Apparently we’re still talking about Kellie Leitch and her “anti-Canadian values” screening, because why not? The Canadian Press kicked off the day by putting Leitch’s assertion that it would be akin to “asking some simple questions” to their Baloney Metre™, and lo and behold, the experts they spoke to pretty much laughed it out of the room, earning Leitch’s supposition a rare “full of baloney” rating. It seems that “a few simple questions” just teaches people how to lie to give the “right” answers, and that proper interviews with people trained to know whether people are lying is so prohibitively expensive that it’s never going to happen. So there’s that. Much later in the day, Jason Kenney decided to weigh in from Alberta, and pretty much eviscerated Leitch by saying that this position is a new one for her that she never articulated before in cabinet or caucus, and that she doesn’t understand the nuance around the issue. But then again, we’ve pretty much established that Leitch lacks any real semblance of emotional quotient or self-awareness, so her inability to grasp nuance should not be a surprise to anyone.

Meanwhile, Peter Loewen reminds us that we’re not as perfectly tolerant as we like to believe, and he has the data to prove it, which is why Leitch’s message will find a home in places.
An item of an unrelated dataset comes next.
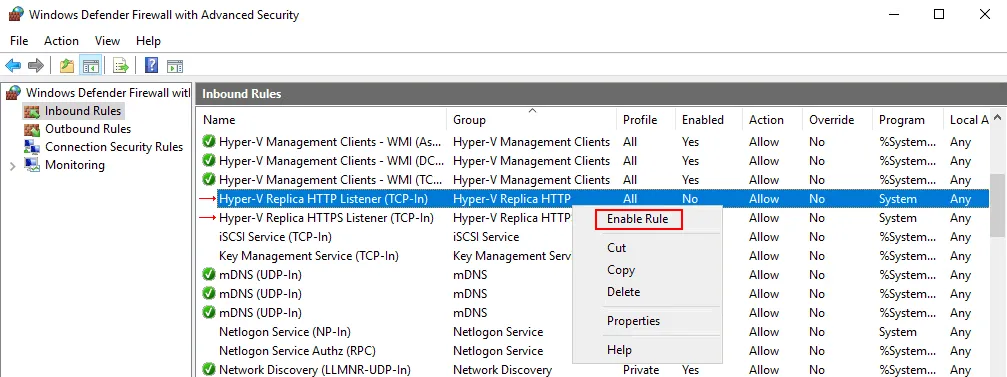 - Hyper-V Replica HTTP Listener (TCP-In) for HTTP traffic (port 80 for inbound connections)

Scott Reid looks over the record of Leitch’s campaign manager, who helped Rob Ford get elected, and notes that by this point, Leitch is less of a candidate than a strategy in human form (which is kind of what Jason Kenney is hinting at when noting that this position is all new for Leitch). Paul Wells notes the low ceiling for the kind of rhetoric that Leitch is now taking on, and while he sees the strategic value in such a position, he also offers some ideas for better choices than Leitch. Tabatha Southey offers her particular acid take on the Leitch situation, and her insistence on digging so much that she is in danger of becoming a mole person. And of course, there’s the At Issue panel looking at Leitch as well.